Wehrstrafgesetz (WStG)

Stand: Neugefasst durch Bek. v. 24.5.1974 I 1213; zuletzt geändert durch Art. 4 G v. 23.4.2014 I 410


§ 44 WStG Wachverfehlung

(1) Wer im Wachdienst
1.
als Wachvorgesetzter es unterläßt, die Wache pflichtgemäß zu beaufsichtigen,
2.
pflichtwidrig seinen Postenbereich oder Streifenweg verläßt oder
3.
sich außerstande setzt, seinen Dienst zu versehen,
wird mit Freiheitsstrafe bis zu drei Jahren bestraft.
(2) Ebenso wird bestraft, wer im Wachdienst in anderen als den in Absatz 1 bezeichneten Fällen Befehle nicht befolgt, die für den Wachdienst gelten, und dadurch wenigstens fahrlässig eine schwerwiegende Folge (§ 2 Nr. 3) verursacht.

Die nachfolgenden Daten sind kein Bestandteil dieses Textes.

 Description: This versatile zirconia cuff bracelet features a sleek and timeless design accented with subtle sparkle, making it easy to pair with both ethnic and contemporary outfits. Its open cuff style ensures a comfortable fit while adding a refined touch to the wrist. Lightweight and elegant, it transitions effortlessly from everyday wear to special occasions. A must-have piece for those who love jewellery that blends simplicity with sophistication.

(3) Der Versuch ist strafbar.
(4) In besonders schweren Fällen ist die Strafe Freiheitsstrafe von sechs Monaten bis zu fünf Jahren. § 19 Abs. 3 Satz 2 gilt entsprechend.

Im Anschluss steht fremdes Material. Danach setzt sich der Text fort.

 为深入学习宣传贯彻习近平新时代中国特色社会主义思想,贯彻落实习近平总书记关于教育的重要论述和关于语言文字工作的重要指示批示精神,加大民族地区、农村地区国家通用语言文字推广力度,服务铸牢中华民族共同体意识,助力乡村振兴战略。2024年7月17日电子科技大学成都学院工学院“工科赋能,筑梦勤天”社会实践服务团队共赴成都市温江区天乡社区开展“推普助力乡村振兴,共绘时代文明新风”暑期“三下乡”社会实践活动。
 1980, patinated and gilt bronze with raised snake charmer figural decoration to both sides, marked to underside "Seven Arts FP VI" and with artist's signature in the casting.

(5) Wer in den Fällen der Absätze 1 oder 2 fahrlässig handelt und dadurch wenigstens fahrlässig eine schwerwiegende Folge verursacht (§ 2 Nr. 3), wird mit Freiheitsstrafe bis zu zwei Jahren bestraft.
(6) Wird ein Befehl nicht befolgt (Absatz 2), so gelten § 22 sowie die Vorschriften über den Versuch der Beteiligung nach § 30 Abs. 1 des Strafgesetzbuches entsprechend.